Pretenders to the throne

Which of our recent Cinderellas -- including Hilary Duff, Anne Hathaway and Julia Stiles -- really deserves to wear the glass slippers?

Published August 12, 2004 9:49PM (EDT)

Myths and fairy tales have always constituted something of a magic fishpond for artists, writers and, of course, filmmakers. With the tale of Cinderella, in particular, Hollywood keeps dipping its golden fishhook into the waters: Now and then it comes up with a glittery, golden version of the same story we've heard a hundred times before; other times, it barely succeeds in tarting up the same bewhiskered, ancient carp.

The past few months alone have given us three movies riffing on the Cinderella theme, stories about girls striving to channel their inner princess: Martha Coolidge's "The Prince and Me," starring Julia Stiles as a no-nonsense American college student who falls for the European prince who's attending her school incognito; Mark Rosman's "A Cinderella Story," in which Hilary Duff plays a modern-day San Fernando cinder girl who hopes to go to college but who may be sentenced to working full time in her stepmother's diner; and Garry Marshall's "The Princess Diaries 2: Royal Engagement," in which Anne Hathaway, guided by her queenly granny (Julie Andrews), needs to find a royal mate in order to ascend the throne of the country she was born to rule.

The problem with these movies isn't the recycled theme itself: The story of Cinderella is one with sturdy corset bones, and as plenty of cultural critics and mythology scholars have noted, it embraces a range of human hopes, desires and fears that go beyond romantic notions of finding a nice boy to settle down with.

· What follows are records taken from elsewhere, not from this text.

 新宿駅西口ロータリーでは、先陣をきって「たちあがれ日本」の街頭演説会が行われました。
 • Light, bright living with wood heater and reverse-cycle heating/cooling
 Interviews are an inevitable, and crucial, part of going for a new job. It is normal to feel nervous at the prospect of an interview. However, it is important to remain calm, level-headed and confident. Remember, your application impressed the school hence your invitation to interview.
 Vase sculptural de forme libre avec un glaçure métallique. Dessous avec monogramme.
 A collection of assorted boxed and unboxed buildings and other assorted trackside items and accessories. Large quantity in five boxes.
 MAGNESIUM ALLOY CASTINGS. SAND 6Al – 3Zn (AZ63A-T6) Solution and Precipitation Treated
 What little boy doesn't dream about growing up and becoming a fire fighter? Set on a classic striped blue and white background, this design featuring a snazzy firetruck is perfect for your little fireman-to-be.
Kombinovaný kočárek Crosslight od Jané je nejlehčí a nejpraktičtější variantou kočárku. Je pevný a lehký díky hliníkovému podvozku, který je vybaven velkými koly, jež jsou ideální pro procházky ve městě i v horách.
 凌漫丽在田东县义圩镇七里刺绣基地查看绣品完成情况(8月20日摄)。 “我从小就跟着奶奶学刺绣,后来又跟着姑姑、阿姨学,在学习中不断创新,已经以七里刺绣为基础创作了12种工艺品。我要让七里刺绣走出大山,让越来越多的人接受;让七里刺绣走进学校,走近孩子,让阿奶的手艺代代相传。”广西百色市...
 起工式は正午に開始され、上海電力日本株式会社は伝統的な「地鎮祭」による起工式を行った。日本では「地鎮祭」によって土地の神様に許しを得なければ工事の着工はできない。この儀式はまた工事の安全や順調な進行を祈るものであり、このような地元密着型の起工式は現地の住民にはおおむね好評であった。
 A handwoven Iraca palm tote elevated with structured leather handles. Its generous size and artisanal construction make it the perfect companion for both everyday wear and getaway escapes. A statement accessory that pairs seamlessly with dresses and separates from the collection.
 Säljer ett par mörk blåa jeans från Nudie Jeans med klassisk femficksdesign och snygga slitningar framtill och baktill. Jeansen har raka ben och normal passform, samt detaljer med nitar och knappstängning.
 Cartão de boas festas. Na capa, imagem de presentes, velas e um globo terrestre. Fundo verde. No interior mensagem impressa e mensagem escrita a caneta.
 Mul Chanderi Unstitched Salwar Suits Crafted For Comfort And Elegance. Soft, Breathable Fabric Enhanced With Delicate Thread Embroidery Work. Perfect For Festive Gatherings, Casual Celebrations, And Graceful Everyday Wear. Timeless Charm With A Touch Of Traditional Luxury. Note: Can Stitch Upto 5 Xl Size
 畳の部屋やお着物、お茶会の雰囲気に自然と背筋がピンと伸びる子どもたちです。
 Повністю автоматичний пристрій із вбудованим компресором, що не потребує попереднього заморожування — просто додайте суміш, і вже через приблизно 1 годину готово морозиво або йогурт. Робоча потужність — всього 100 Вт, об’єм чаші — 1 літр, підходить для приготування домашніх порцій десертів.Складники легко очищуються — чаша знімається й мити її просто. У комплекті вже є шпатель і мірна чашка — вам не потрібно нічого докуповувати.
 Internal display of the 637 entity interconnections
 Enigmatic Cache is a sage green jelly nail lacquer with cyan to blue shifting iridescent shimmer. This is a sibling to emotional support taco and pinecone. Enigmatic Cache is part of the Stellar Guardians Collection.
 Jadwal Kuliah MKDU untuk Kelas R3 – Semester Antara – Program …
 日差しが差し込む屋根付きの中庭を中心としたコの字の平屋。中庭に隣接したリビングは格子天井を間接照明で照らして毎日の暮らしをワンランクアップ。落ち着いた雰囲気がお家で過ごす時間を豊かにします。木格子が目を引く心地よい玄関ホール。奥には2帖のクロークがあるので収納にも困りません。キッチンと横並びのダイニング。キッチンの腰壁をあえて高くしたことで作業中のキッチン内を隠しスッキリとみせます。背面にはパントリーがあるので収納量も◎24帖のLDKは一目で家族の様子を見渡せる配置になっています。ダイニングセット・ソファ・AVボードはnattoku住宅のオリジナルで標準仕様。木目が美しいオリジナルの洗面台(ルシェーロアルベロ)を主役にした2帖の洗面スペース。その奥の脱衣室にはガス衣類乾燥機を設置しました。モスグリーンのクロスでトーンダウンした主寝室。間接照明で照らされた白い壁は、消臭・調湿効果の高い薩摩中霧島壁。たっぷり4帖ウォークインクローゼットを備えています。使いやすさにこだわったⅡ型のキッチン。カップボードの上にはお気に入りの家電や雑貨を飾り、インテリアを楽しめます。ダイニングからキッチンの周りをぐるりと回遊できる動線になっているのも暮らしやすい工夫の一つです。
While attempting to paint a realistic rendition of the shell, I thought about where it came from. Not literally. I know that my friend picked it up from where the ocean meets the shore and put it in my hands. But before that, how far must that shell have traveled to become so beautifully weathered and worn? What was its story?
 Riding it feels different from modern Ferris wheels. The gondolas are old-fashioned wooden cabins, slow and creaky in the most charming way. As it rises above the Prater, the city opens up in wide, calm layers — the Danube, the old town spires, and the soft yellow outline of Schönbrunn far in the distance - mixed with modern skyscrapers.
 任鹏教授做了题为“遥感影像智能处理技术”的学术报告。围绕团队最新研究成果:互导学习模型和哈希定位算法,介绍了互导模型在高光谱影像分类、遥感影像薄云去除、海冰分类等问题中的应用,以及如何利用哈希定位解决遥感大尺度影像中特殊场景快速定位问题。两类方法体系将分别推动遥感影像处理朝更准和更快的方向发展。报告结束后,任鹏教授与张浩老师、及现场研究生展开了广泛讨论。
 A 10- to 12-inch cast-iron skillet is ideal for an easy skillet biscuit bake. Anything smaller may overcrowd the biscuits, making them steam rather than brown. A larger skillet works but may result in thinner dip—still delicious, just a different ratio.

Stripped to its barest framework, the Cinderella template speaks to our basic urge to survive and to our desire for security: One of the story's earliest versions comes from China and involves a mistreated orphan whose only friend is a magic fish that helps her obtain essentials like food and clothing.

Obviously, the princess fantasy as Hollywood has recently packaged it is largely designed to appeal to young girls -- not in itself a bad thing. What girl of any age doesn't occasionally like to fantasize about being put on a pedestal -- or, at the very least, to be appreciated for whatever virtues (beauty, kindness, intelligence) she might possess? The big problem with the current spate of Cinderella movies -- particularly "A Cinderella Story" and "The Princess Diaries 2" -- is not that they encourage unrealistically high romantic expectations in girls, but that they're barely romantic at all. Instead, even beneath their frothy, seemingly fun surfaces, there's something numbingly instructive about them.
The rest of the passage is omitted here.